Geoffrey Stone, the University of Chicago law school professor who served on President Obama’s review group on the NSA and privacy, thinks that the president’s recent speech and immediate reforms are important steps in reining in illegal surveillance. In particular, he praises him for the decision to require the NSA to get warrants from the FISA court to access any metadata that is archived. But he also points out an important reform he refused to endorse:
Third, we recommended that the FBI should no longer be permitted to issue National Security Letters without first obtaining a judicial order, in the absence of an emergency. NSLs enable the FBI to require banks, telephone companies, Internet providers, credit card companies, and the like to turn over the records of specific individuals when the FBI determines that they are relevant to a national security investigation. The FBI issues approximately 20,000 NSLs each year. The process is highly secret and remains so for decades after the fact.

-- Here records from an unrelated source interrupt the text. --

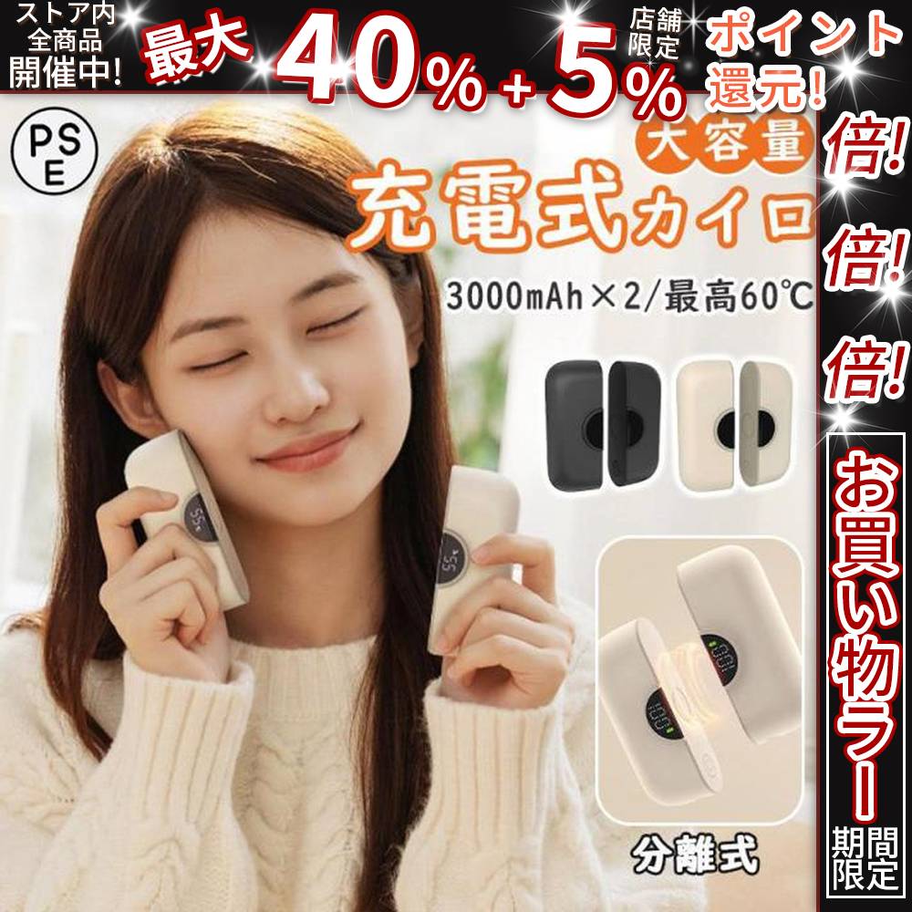 ■クーポン対象 年末セール 充電式カイロ 大容量 ハンドウォーマー 電気カイロ あんか 電熱 携帯 分離式 3000mAh×2 最高60℃ 充電器 使い
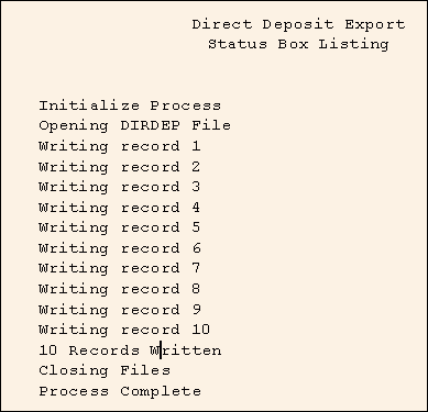 To see a sample of the Direct Deposit Export Status Box Listing, click More.
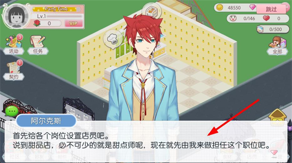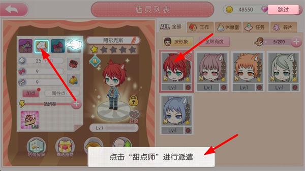 1、給甜品店各個崗位設置店員,首先讓阿爾克斯擔任甜點師,開啟甜品店經營。
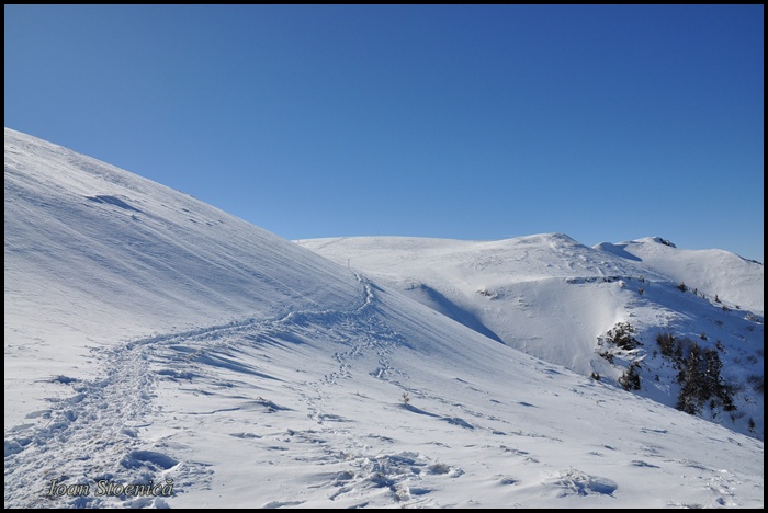 Desi parea cam expusa potecuta, sub panta aceea plina de zapada, urmele facute creasera deja un tunel serios…
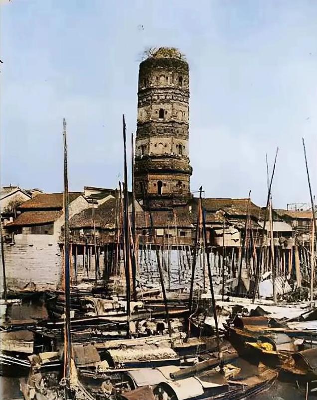 △1908年的安庆振风塔,白墙黛瓦的徽派民居,簇拥在四周。
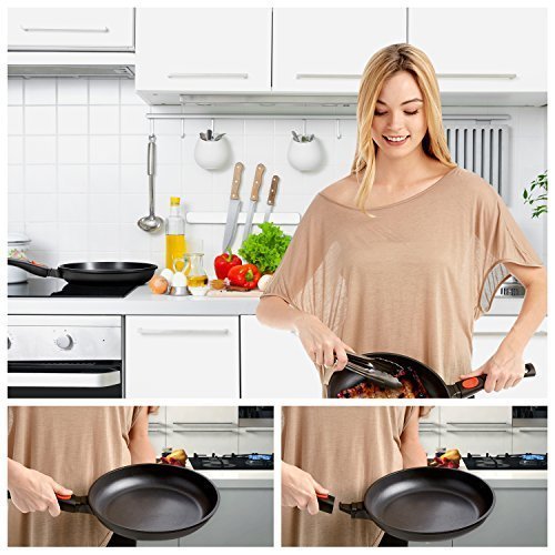 Product Description Do You Need a Nonstick Fry Pan with Removable Handle and Cover Lid? You definitely can't go wrong with our fry pan and its premium non stick cooking surface. It allows you to sear, fry, and brown food with minimal oil - or cook with no oil altogether! This ensures that your food retains all the vitamins and minerals that your body needs. But that's not all. Our pan offers so much more! Check Out These Features of Our Non-stick Frying Pan with Clever Lid ? PROFESSIONAL QUALITY - Non-stick 11" frying pan features a flared rim to prevent drips when pouring. Has thick 4.5 mm warp-resistant bottom that allows even distribution of heat from all types of heat sources (induction, radiant, ceramic, halogen gas). ? EASILY REMOVABLE HANDLE - SecureSnap removable handle quickly detaches by simply pulling the release button and tilting up the pan at 30-degree angle. Reduces the pan length from 19.5" to 13.4". Save precious space in the fridge, oven, sink, cupboard, or dishwasher. The handle is oven safe up to 400°F. ? INCLUDES LARGE UNIVERSAL LID - Cool-touch elevated lid has heat-resistant silicone rim, tempered glass, and small steam vent. Fits 9.5", 10" and 11" pots and pans. ? SAFE NONSTICK SURFACE - Our frying pan has a strong 2-layer reinforced non stick PFOA-free surface. Prevents scratches and allows no-oil cooking. The pan is oven safe up to 480°F. ? EASY CLEANING - Clean it in the dishwasher or wash it by hand. Remove handle for easy cleaning. What are you waiting for?Get your Nonstick Fry Pan with SecureSnap Handle and Large Clever Lid now, and experience trouble-free cooking starting today! 0 |
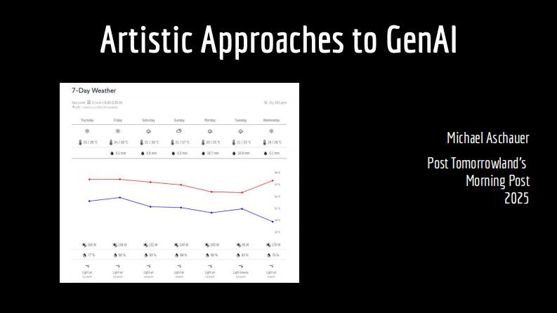 这些参数构成了生成未来报纸的基础,通过生成式 AI 系统(文本与图像)输出,呈现出高度具体化、超本地化的未来气候与社会图景。作品的目的并非精准预测未来,而是通过交互体验让观众思考气候变化的不确定性及未来的可塑性。
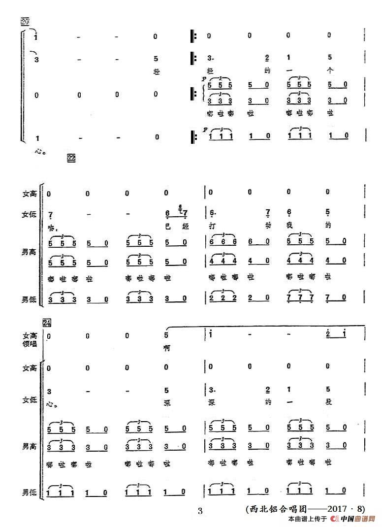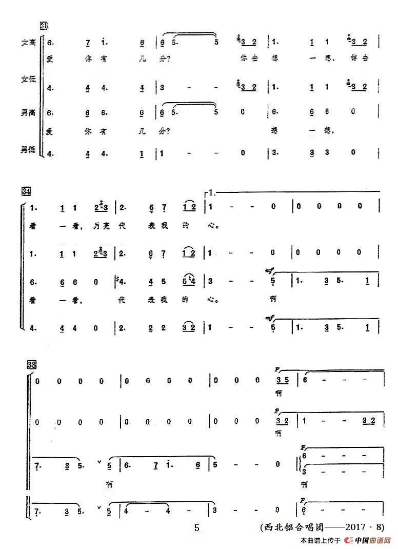 月亮代表我的心(领唱+混声合唱)相关五线谱
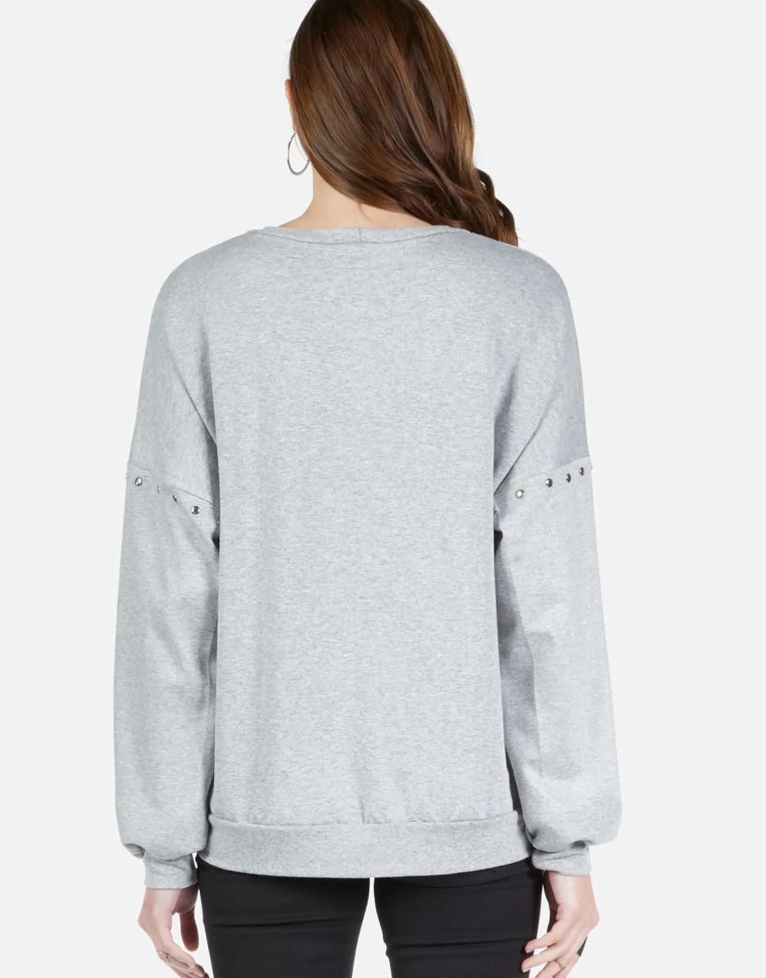 Skull Yin Yang Printed On Ultra Soft Boyfriend Pullover In Heather Grey By Lauren Moshi.
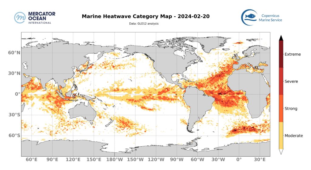Figure 1:  Carte des catégories de vagues de chaleur marine pour le 13 février 2024 pour l’ensemble de l’océan mondial. Analyse GLO12. Source: Mercator Ocean International

Our judgment was that, in order to ensure the integrity of the program, NSLs generally should not issue without prior judicial approval. The FBI resisted this proposal vehemently. In its view, such a requirement would impair the FBI’s ability to move quickly and efficiently. We rejected that contention, especially in light of the emergency exception. The FBI argued further that because prosecutors in ordinary criminal cases can issue subpoenas to obtain similar information without a court order, it made no sense to have a more burdensome procedure for national security investigations. We disagreed with that position, mainly because of the intensive secrecy surrounding the NSL process. The president sided with the FBI. Although stating that various reforms would be adopted to reduce the secrecy of NSLs — reforms we endorse — he declined to accept our recommendation about judicial orders.
This is a very important reform. Let’s add to this that NSLs should only be issued for terrorism cases, along with “sneak and peek” warrants, which have been used far more often in drug cases than in terrorism cases. But all of that requires congressional action, which is unlikely to happen.